REQUIRED ACTION:
Reproduce the entries shown below only from the line with "LOT: 43187097 VIN: KMHDH4AE6GU52O651" down to the line with "Regen en een", keeping both end lines and copying each one exactly.

DATA SECTION:
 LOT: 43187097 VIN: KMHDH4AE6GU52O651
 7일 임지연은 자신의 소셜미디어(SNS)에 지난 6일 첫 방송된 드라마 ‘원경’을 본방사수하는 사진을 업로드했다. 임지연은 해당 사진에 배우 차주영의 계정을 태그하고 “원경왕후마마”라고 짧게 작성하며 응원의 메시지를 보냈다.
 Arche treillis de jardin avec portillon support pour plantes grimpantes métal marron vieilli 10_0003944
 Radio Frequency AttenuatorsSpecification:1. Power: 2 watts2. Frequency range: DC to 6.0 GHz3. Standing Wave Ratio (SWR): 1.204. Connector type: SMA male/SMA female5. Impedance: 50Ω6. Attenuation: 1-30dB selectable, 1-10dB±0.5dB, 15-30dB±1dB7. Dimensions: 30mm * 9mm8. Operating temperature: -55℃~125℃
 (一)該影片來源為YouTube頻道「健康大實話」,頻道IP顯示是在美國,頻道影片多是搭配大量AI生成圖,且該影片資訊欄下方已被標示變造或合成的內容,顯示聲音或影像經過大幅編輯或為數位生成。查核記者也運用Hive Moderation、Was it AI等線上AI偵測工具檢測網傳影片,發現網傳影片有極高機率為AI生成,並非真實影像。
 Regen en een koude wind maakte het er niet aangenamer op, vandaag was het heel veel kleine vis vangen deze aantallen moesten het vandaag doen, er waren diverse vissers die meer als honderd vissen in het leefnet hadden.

...

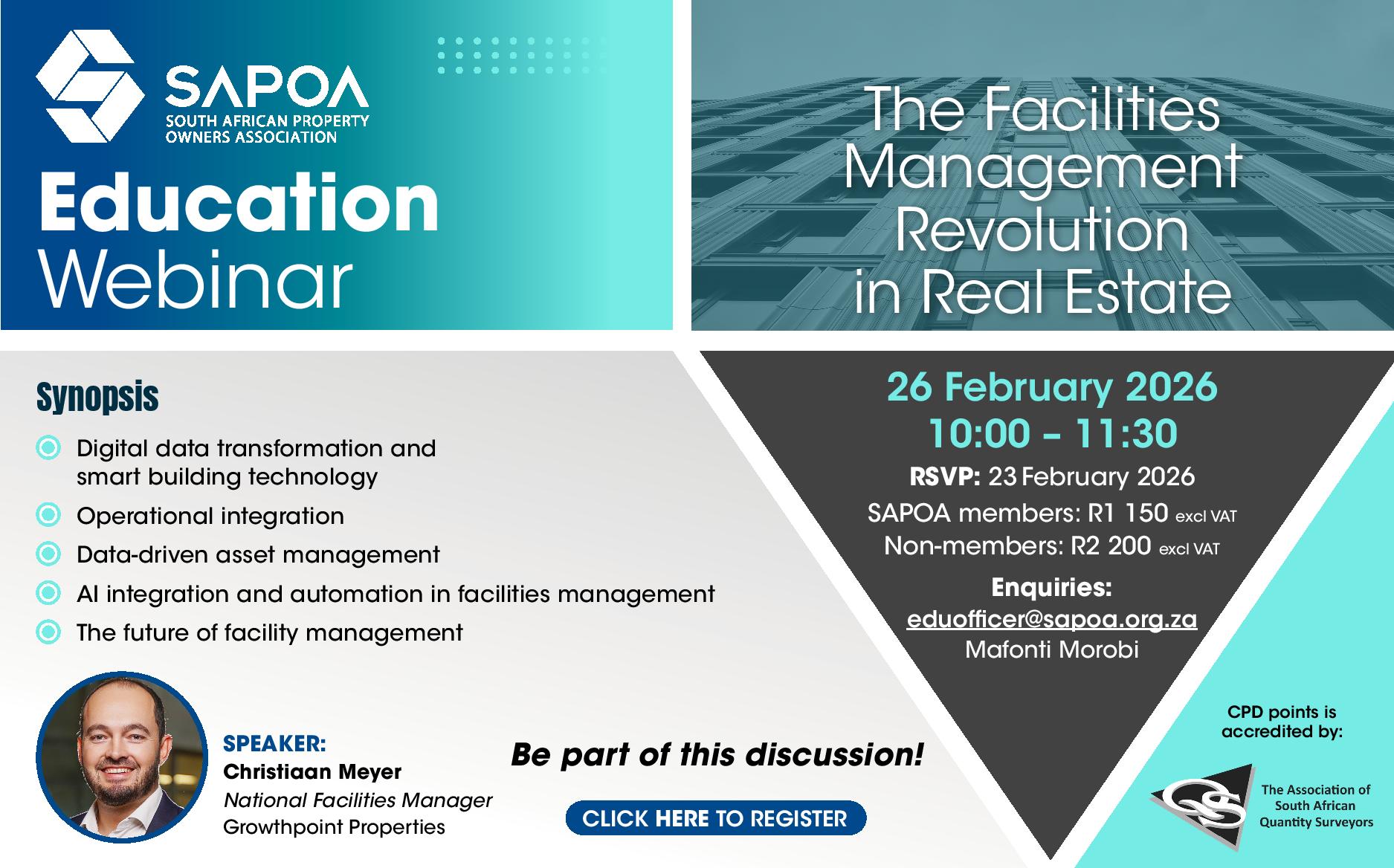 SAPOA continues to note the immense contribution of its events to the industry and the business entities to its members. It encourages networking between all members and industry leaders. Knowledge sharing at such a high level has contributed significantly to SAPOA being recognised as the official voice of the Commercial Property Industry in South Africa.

ANSWER FOR THE TASK:
 LOT: 43187097 VIN: KMHDH4AE6GU52O651
 7일 임지연은 자신의 소셜미디어(SNS)에 지난 6일 첫 방송된 드라마 ‘원경’을 본방사수하는 사진을 업로드했다. 임지연은 해당 사진에 배우 차주영의 계정을 태그하고 “원경왕후마마”라고 짧게 작성하며 응원의 메시지를 보냈다.
 Arche treillis de jardin avec portillon support pour plantes grimpantes métal marron vieilli 10_0003944
 Radio Frequency AttenuatorsSpecification:1. Power: 2 watts2. Frequency range: DC to 6.0 GHz3. Standing Wave Ratio (SWR): 1.204. Connector type: SMA male/SMA female5. Impedance: 50Ω6. Attenuation: 1-30dB selectable, 1-10dB±0.5dB, 15-30dB±1dB7. Dimensions: 30mm * 9mm8. Operating temperature: -55℃~125℃
 (一)該影片來源為YouTube頻道「健康大實話」,頻道IP顯示是在美國,頻道影片多是搭配大量AI生成圖,且該影片資訊欄下方已被標示變造或合成的內容,顯示聲音或影像經過大幅編輯或為數位生成。查核記者也運用Hive Moderation、Was it AI等線上AI偵測工具檢測網傳影片,發現網傳影片有極高機率為AI生成,並非真實影像。
 Regen en een koude wind maakte het er niet aangenamer op, vandaag was het heel veel kleine vis vangen deze aantallen moesten het vandaag doen, er waren diverse vissers die meer als honderd vissen in het leefnet hadden.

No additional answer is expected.